COLLECTED DATA.
■ ■ ■ ■ ■
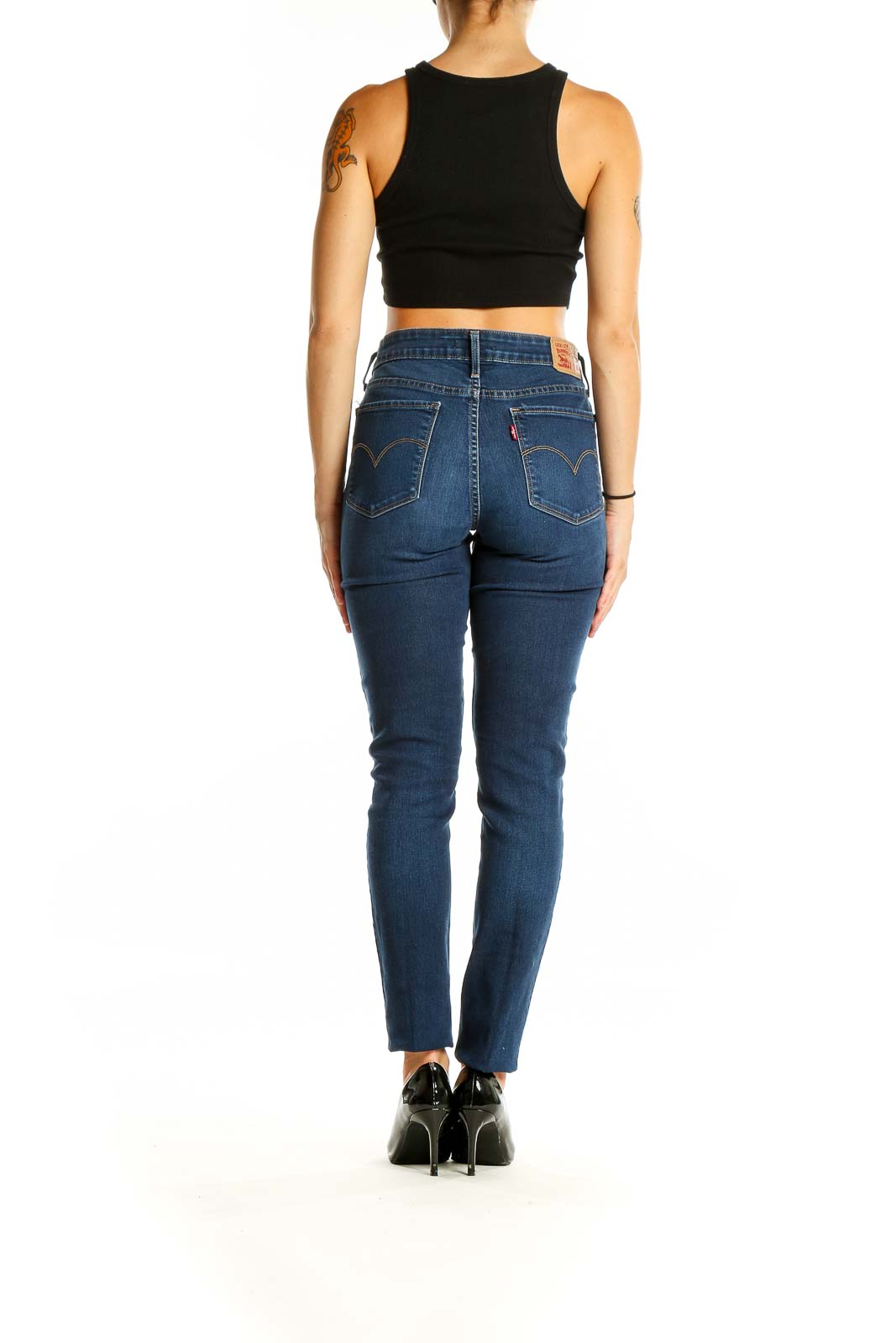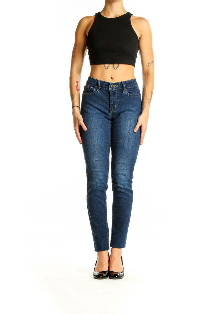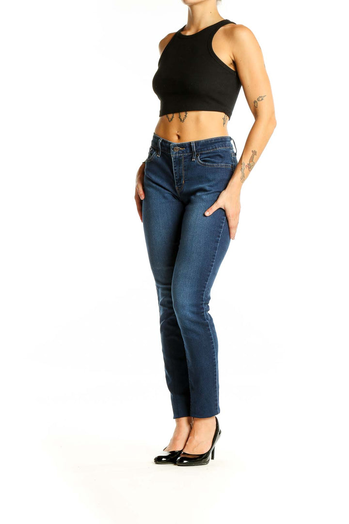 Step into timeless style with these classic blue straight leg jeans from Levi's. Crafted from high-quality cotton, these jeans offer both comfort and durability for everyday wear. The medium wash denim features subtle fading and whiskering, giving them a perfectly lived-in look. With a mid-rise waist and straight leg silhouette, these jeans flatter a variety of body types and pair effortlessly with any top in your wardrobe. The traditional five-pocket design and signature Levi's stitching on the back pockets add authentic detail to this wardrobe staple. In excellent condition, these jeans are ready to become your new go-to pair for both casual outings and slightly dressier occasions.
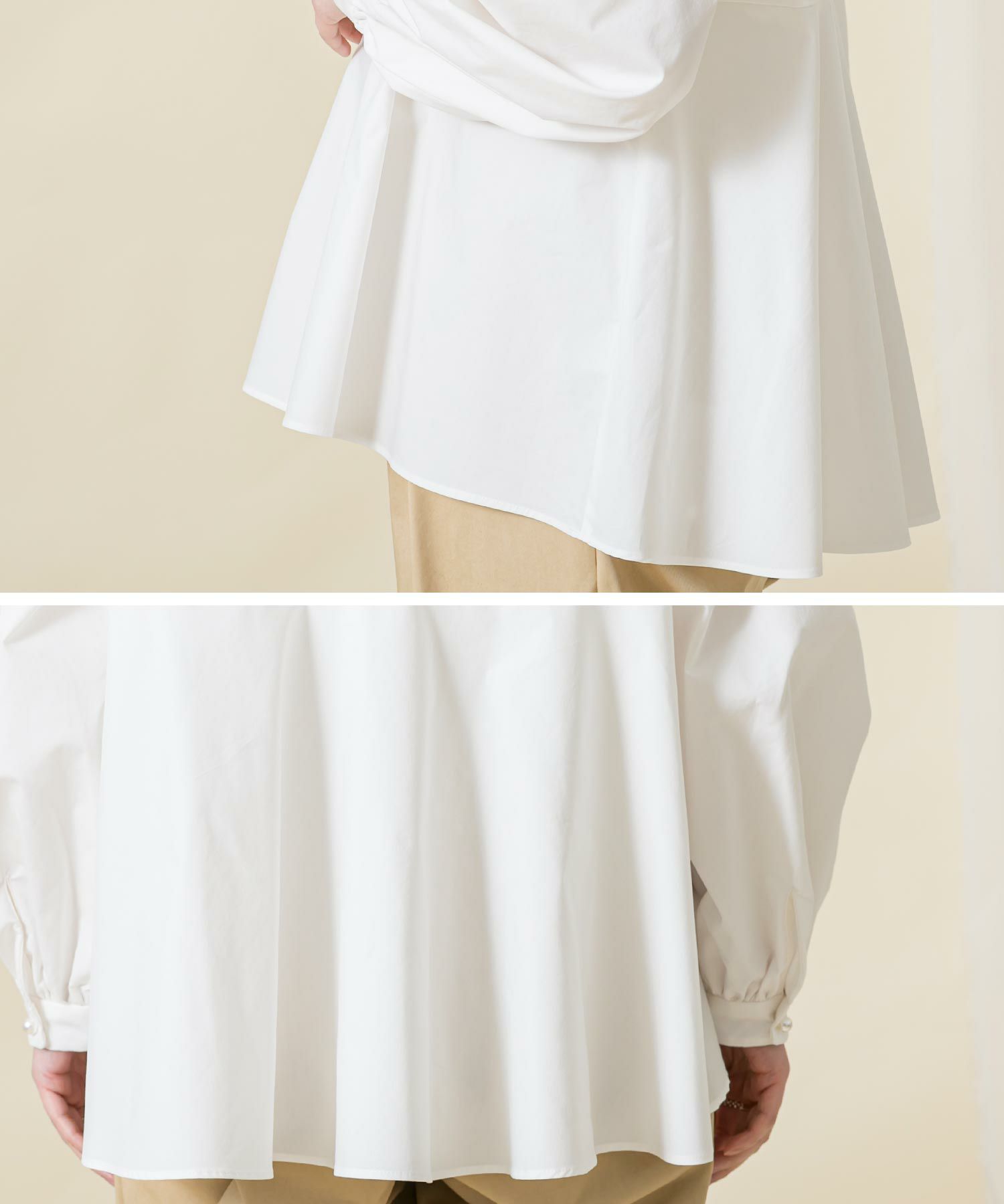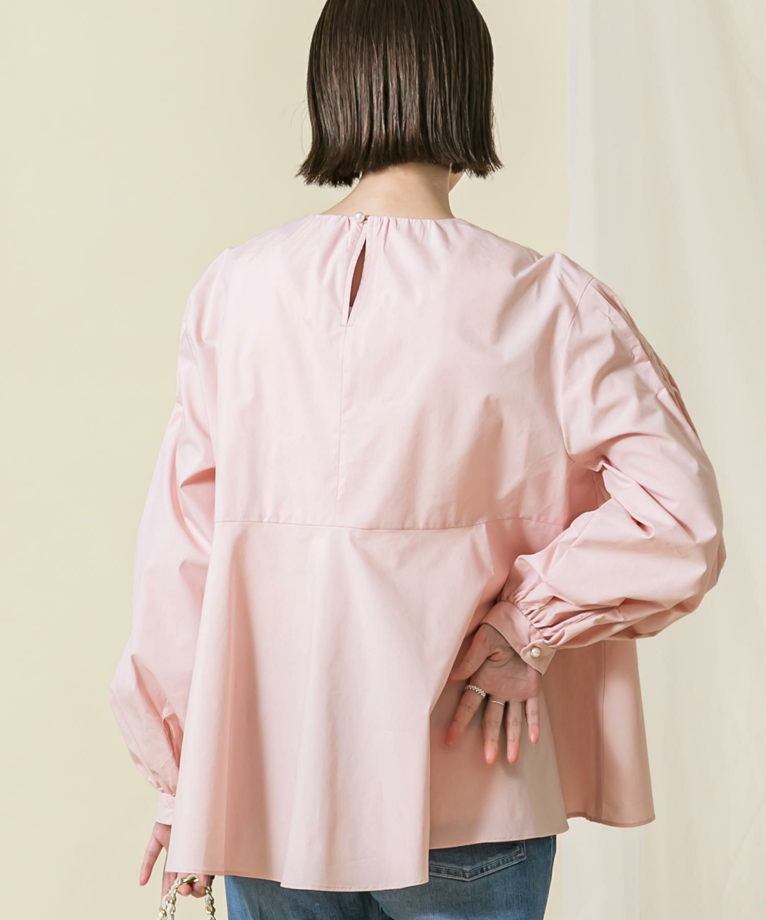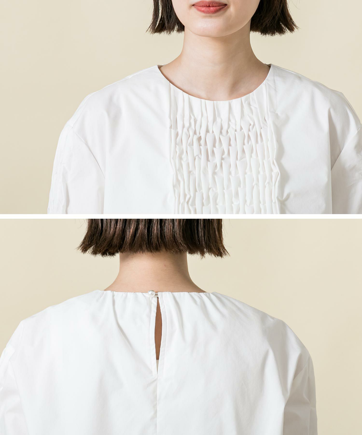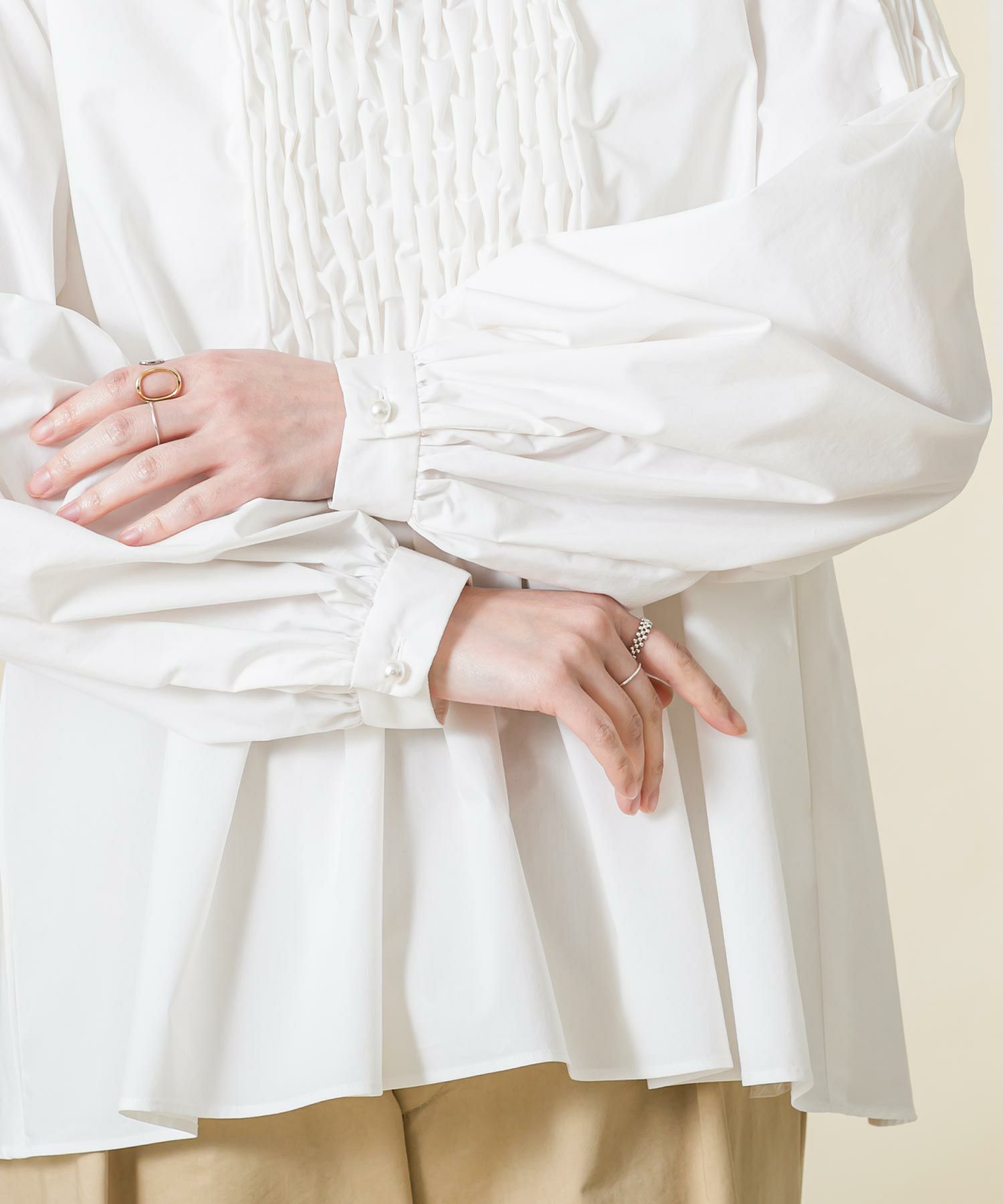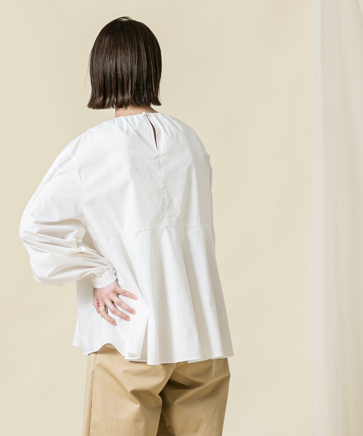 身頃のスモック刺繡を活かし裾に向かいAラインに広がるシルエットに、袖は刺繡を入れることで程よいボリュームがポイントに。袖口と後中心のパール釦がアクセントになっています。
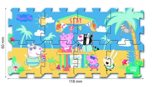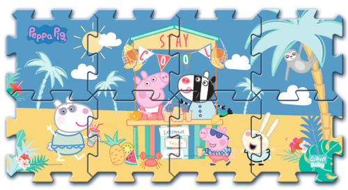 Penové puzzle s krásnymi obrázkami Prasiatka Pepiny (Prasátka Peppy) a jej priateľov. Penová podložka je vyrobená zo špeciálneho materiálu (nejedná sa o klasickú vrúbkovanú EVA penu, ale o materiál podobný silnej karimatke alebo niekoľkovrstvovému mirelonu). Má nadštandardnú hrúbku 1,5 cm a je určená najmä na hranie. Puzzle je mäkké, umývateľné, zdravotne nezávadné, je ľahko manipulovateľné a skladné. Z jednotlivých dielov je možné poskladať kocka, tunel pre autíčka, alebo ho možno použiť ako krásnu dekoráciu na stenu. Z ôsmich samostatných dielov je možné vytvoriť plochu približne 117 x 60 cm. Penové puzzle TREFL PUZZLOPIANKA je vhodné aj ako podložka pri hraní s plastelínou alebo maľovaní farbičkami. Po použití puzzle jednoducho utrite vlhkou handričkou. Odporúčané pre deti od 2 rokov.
■ ■ ■ ■ ■
TASK TO COMPLETE. Print the full listing again exactly, and drop every image from it.

RESPONSE BELOW.
 Step into timeless style with these classic blue straight leg jeans from Levi's. Crafted from high-quality cotton, these jeans offer both comfort and durability for everyday wear. The medium wash denim features subtle fading and whiskering, giving them a perfectly lived-in look. With a mid-rise waist and straight leg silhouette, these jeans flatter a variety of body types and pair effortlessly with any top in your wardrobe. The traditional five-pocket design and signature Levi's stitching on the back pockets add authentic detail to this wardrobe staple. In excellent condition, these jeans are ready to become your new go-to pair for both casual outings and slightly dressier occasions.
 身頃のスモック刺繡を活かし裾に向かいAラインに広がるシルエットに、袖は刺繡を入れることで程よいボリュームがポイントに。袖口と後中心のパール釦がアクセントになっています。
 Penové puzzle s krásnymi obrázkami Prasiatka Pepiny (Prasátka Peppy) a jej priateľov. Penová podložka je vyrobená zo špeciálneho materiálu (nejedná sa o klasickú vrúbkovanú EVA penu, ale o materiál podobný silnej karimatke alebo niekoľkovrstvovému mirelonu). Má nadštandardnú hrúbku 1,5 cm a je určená najmä na hranie. Puzzle je mäkké, umývateľné, zdravotne nezávadné, je ľahko manipulovateľné a skladné. Z jednotlivých dielov je možné poskladať kocka, tunel pre autíčka, alebo ho možno použiť ako krásnu dekoráciu na stenu. Z ôsmich samostatných dielov je možné vytvoriť plochu približne 117 x 60 cm. Penové puzzle TREFL PUZZLOPIANKA je vhodné aj ako podložka pri hraní s plastelínou alebo maľovaní farbičkami. Po použití puzzle jednoducho utrite vlhkou handričkou. Odporúčané pre deti od 2 rokov.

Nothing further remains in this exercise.